Assignment → Write the listing out again in full. Every character must match.

Provided material →
════════════════════
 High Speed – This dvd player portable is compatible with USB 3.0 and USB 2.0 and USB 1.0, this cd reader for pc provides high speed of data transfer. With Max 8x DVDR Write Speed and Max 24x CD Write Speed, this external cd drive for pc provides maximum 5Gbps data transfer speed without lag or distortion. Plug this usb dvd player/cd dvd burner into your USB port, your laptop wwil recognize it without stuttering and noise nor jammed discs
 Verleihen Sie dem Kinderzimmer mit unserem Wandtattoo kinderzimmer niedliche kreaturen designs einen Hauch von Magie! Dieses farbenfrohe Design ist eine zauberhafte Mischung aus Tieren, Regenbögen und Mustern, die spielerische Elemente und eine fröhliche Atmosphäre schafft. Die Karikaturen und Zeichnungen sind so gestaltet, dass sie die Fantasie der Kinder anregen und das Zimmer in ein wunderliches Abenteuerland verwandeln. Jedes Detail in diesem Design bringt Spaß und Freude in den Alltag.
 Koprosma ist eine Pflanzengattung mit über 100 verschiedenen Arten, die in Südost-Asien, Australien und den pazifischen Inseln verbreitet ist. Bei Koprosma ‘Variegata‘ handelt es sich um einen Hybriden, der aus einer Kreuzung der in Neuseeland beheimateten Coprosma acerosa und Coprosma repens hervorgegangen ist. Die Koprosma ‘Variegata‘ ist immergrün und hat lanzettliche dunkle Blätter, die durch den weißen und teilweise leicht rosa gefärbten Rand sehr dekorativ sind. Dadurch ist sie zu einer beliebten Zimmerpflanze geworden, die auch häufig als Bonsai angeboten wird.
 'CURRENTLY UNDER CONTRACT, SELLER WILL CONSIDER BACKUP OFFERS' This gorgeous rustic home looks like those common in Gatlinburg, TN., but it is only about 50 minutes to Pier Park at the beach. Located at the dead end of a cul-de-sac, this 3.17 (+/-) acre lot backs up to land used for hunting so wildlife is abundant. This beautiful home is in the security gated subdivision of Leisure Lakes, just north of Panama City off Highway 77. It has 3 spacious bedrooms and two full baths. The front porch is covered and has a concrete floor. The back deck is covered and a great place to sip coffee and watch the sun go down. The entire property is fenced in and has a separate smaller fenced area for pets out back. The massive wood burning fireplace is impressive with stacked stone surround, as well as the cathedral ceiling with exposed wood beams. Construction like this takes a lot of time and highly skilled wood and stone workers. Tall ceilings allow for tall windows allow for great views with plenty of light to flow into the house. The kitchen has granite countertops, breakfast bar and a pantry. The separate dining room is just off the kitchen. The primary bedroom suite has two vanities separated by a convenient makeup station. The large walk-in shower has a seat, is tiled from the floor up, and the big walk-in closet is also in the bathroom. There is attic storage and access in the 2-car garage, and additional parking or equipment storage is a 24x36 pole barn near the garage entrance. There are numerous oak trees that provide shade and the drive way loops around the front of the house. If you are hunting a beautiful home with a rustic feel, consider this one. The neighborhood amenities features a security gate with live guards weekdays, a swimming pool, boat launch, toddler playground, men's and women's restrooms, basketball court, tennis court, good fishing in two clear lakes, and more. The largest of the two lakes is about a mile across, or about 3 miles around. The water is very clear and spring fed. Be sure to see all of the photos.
════════════════════
Your response →
 High Speed – This dvd player portable is compatible with USB 3.0 and USB 2.0 and USB 1.0, this cd reader for pc provides high speed of data transfer. With Max 8x DVDR Write Speed and Max 24x CD Write Speed, this external cd drive for pc provides maximum 5Gbps data transfer speed without lag or distortion. Plug this usb dvd player/cd dvd burner into your USB port, your laptop wwil recognize it without stuttering and noise nor jammed discs
 Verleihen Sie dem Kinderzimmer mit unserem Wandtattoo kinderzimmer niedliche kreaturen designs einen Hauch von Magie! Dieses farbenfrohe Design ist eine zauberhafte Mischung aus Tieren, Regenbögen und Mustern, die spielerische Elemente und eine fröhliche Atmosphäre schafft. Die Karikaturen und Zeichnungen sind so gestaltet, dass sie die Fantasie der Kinder anregen und das Zimmer in ein wunderliches Abenteuerland verwandeln. Jedes Detail in diesem Design bringt Spaß und Freude in den Alltag.
 Koprosma ist eine Pflanzengattung mit über 100 verschiedenen Arten, die in Südost-Asien, Australien und den pazifischen Inseln verbreitet ist. Bei Koprosma ‘Variegata‘ handelt es sich um einen Hybriden, der aus einer Kreuzung der in Neuseeland beheimateten Coprosma acerosa und Coprosma repens hervorgegangen ist. Die Koprosma ‘Variegata‘ ist immergrün und hat lanzettliche dunkle Blätter, die durch den weißen und teilweise leicht rosa gefärbten Rand sehr dekorativ sind. Dadurch ist sie zu einer beliebten Zimmerpflanze geworden, die auch häufig als Bonsai angeboten wird.
 'CURRENTLY UNDER CONTRACT, SELLER WILL CONSIDER BACKUP OFFERS' This gorgeous rustic home looks like those common in Gatlinburg, TN., but it is only about 50 minutes to Pier Park at the beach. Located at the dead end of a cul-de-sac, this 3.17 (+/-) acre lot backs up to land used for hunting so wildlife is abundant. This beautiful home is in the security gated subdivision of Leisure Lakes, just north of Panama City off Highway 77. It has 3 spacious bedrooms and two full baths. The front porch is covered and has a concrete floor. The back deck is covered and a great place to sip coffee and watch the sun go down. The entire property is fenced in and has a separate smaller fenced area for pets out back. The massive wood burning fireplace is impressive with stacked stone surround, as well as the cathedral ceiling with exposed wood beams. Construction like this takes a lot of time and highly skilled wood and stone workers. Tall ceilings allow for tall windows allow for great views with plenty of light to flow into the house. The kitchen has granite countertops, breakfast bar and a pantry. The separate dining room is just off the kitchen. The primary bedroom suite has two vanities separated by a convenient makeup station. The large walk-in shower has a seat, is tiled from the floor up, and the big walk-in closet is also in the bathroom. There is attic storage and access in the 2-car garage, and additional parking or equipment storage is a 24x36 pole barn near the garage entrance. There are numerous oak trees that provide shade and the drive way loops around the front of the house. If you are hunting a beautiful home with a rustic feel, consider this one. The neighborhood amenities features a security gate with live guards weekdays, a swimming pool, boat launch, toddler playground, men's and women's restrooms, basketball court, tennis court, good fishing in two clear lakes, and more. The largest of the two lakes is about a mile across, or about 3 miles around. The water is very clear and spring fed. Be sure to see all of the photos.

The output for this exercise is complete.